Uit ongeveer dezelfde tijd dateert de vertolking van Wolfgang Gönnenwein. Het gaat om het typische werk van een gedegen Kapellmeister, maar is gelukkig niet prozaïsch. De evangelist van Theo Altmeyer heeft zijn vocale beperkingen, maar Franz Crass is een heel wijze en sonore Christus. Een van de mooiste momenten komt met ‘Nun ist der Herr zur Ruh’ gebracht’: zo ontwapenend vredig en treffend klinkt dat afscheid zelden.

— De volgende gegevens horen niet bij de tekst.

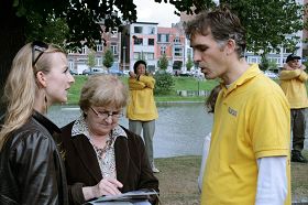 何女士和她的女儿来到法轮功展位前,告诉学员说:我们是专门来找你们的。你们有神韵艺术团演出的光盘没有?我们非常想看到这个演出,我们想买光盘。因为神韵在安特卫普市演出时,时间不适合我们观看,所以我们没能看到。
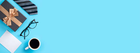 Father's Day gift. Top view design concept of holiday idea with greeting card on blue table background.
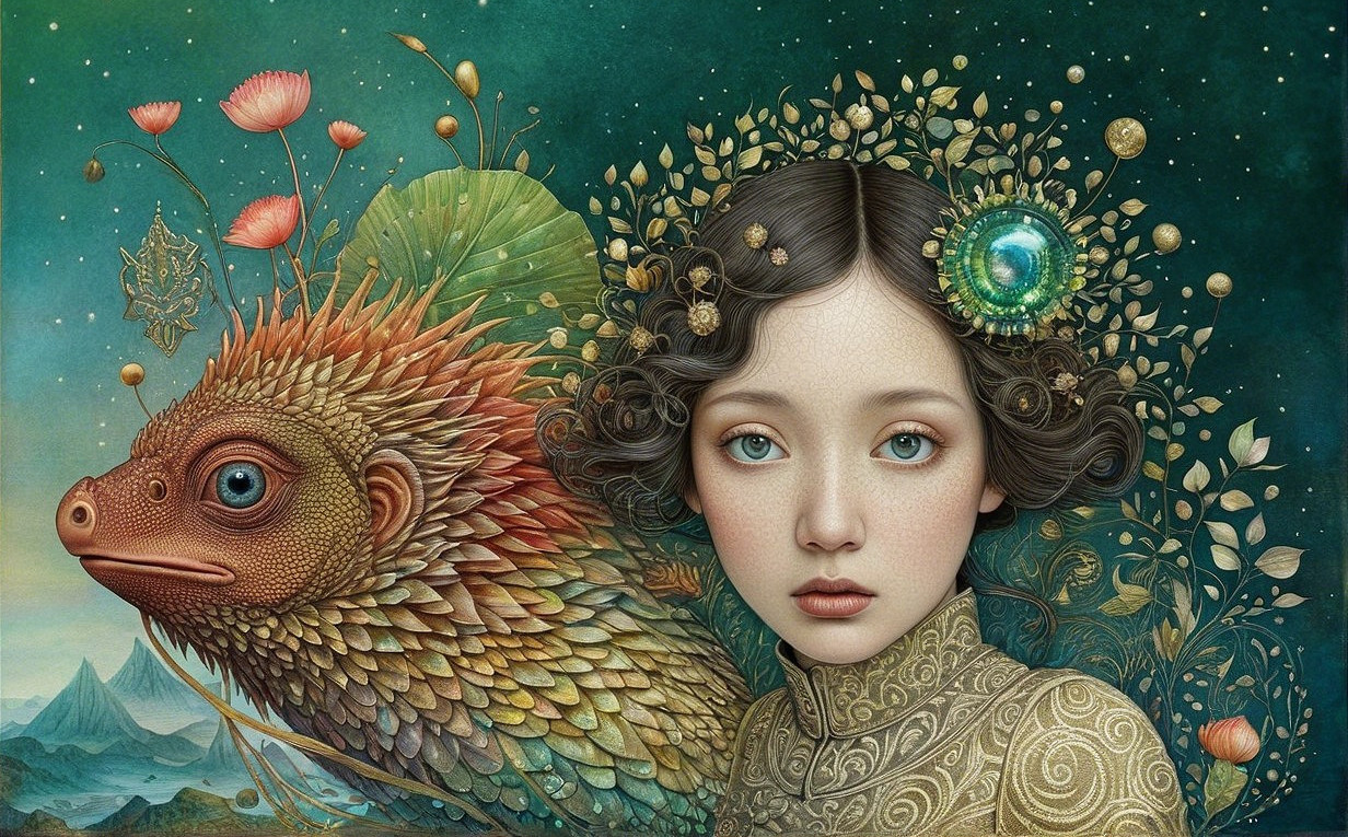 A surreal portrait features a young girl with intricate, leafy hair and a mystical creature beside her, all set against a vibrant, dreamlike background.
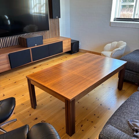 Skovby sofabord SM244EMH i hvidolieret eg, købt som ny i sommeret 2024, har altid været beskyttet af gennemsigtig voksdug, som medfølger.
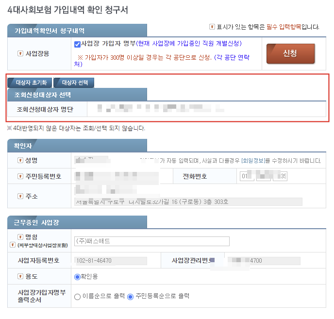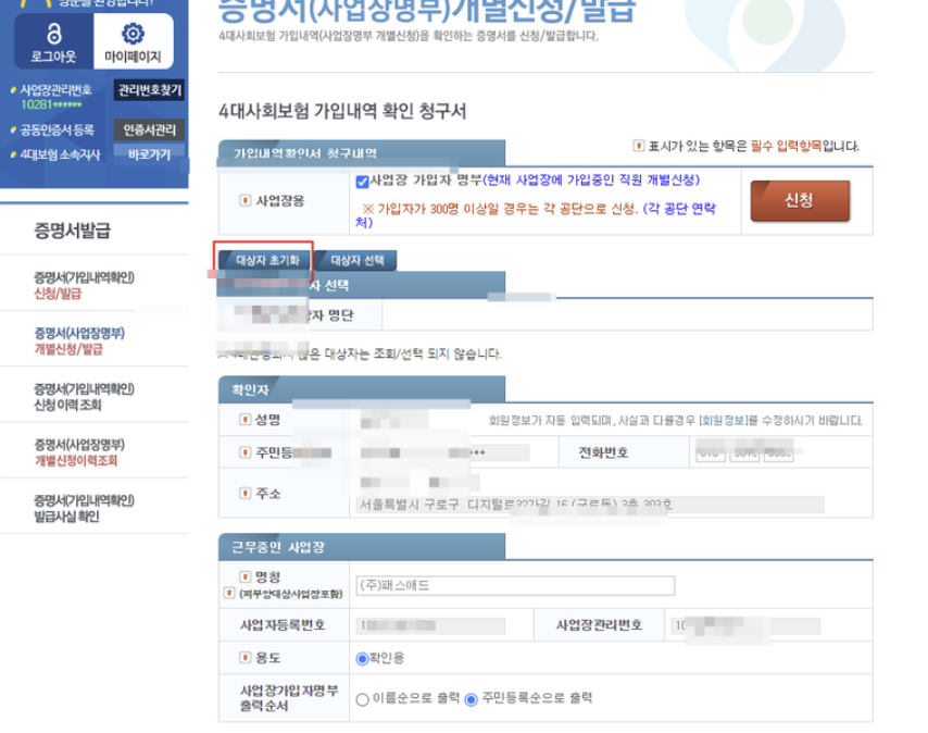 2. 4대보험가입자명부 발급 신청 메뉴를 클릭하시면 대상자 초기화 및 대상자 선택 클릭을 하실 수 있습니다. 여기서 확인하려고 하는 가입자 선택을 하여 내용을 포함하실 수 있습니다.

Het is een periode waarin Duits provincialisme in hoge mate letterlijk de toon aangeeft. Dappere uitvoeringen van goede middelmaat maar zonder bijzondere aantrekkingskracht zijn het resultaat. Te noemen zijn Kurt Thomas die in Agnes Giebel een sopraan van formaat ter beschikking had, maar verder niet boven de middelmaat uitkwam. Dan Erhard Mauersberger die tot de gestaalde muzikale Oost Duitse kaders behoorde en een dienovereenkomstig geharnaste lezing geeft in 1970. De solisten zijn onderdemaats op de evangelist van Peter Schreier na. De enige lichtpunten in de vertolking van Mogens Wöldike uit 1960 zijn de fraaie sopraan van Teresa Stich-Randall en de alt van Hilde Rössl-Majdan; ook de evangelist Uno Ebrelius overtuigt. In de eveneens uit 1960 daterende opname van Heinz- Markus Göttsche  vallen alleen evangelist Matti Juhani Piiponen en alt Ortrun Wenkel positief op; verder overheerst een haast ongeïnteresseerde routine. Het enige glanspunt in de opname van Ljubomir Romansky uit 1963 is Fritz Wunderlich als evangelist en tenoraria zanger.

Beter brengt Eugen Jochum het er af in zijn traditionele Concertgebouw uitvoering uit 1965. Ook hier een kapelmeesterachtige inslag, maar dan met een extra dosis naar de katholieke kerk neigende waardigheid. Schools is het zeker niet en de muzikale oordeelskracht is zuiver. Ernst Häfliger toont zich eens temeer een groot evangelist. Agnes Giebel zorgt in ‘Aus Liebe” weer voor een hoogtepunt.

De interpretatie van Herbert von Karajan uit 1972 haalt niet bij zijn vroegere. Het is alles te gestroomlijnd, te homogeen, te gladjes helaas. De muziek krijgt geen dwingend karakter en sterft in uiterlijke schoonheid.

Aanzienlijk ruiger ging Karl Böhm in 1962 te werk. Zijn aanpak is wel dwingend en vol stuwing met de in vocaal opzicht voortreffelijke Fritz Wunderlich als evangelist, de matige Christus van Otto Wiener en de voortreffelijke solisten Wilma Lipp, Christa Ludwig en Walter Berry. Maar frustrerend genoeg is helaas weer sprake van coupures.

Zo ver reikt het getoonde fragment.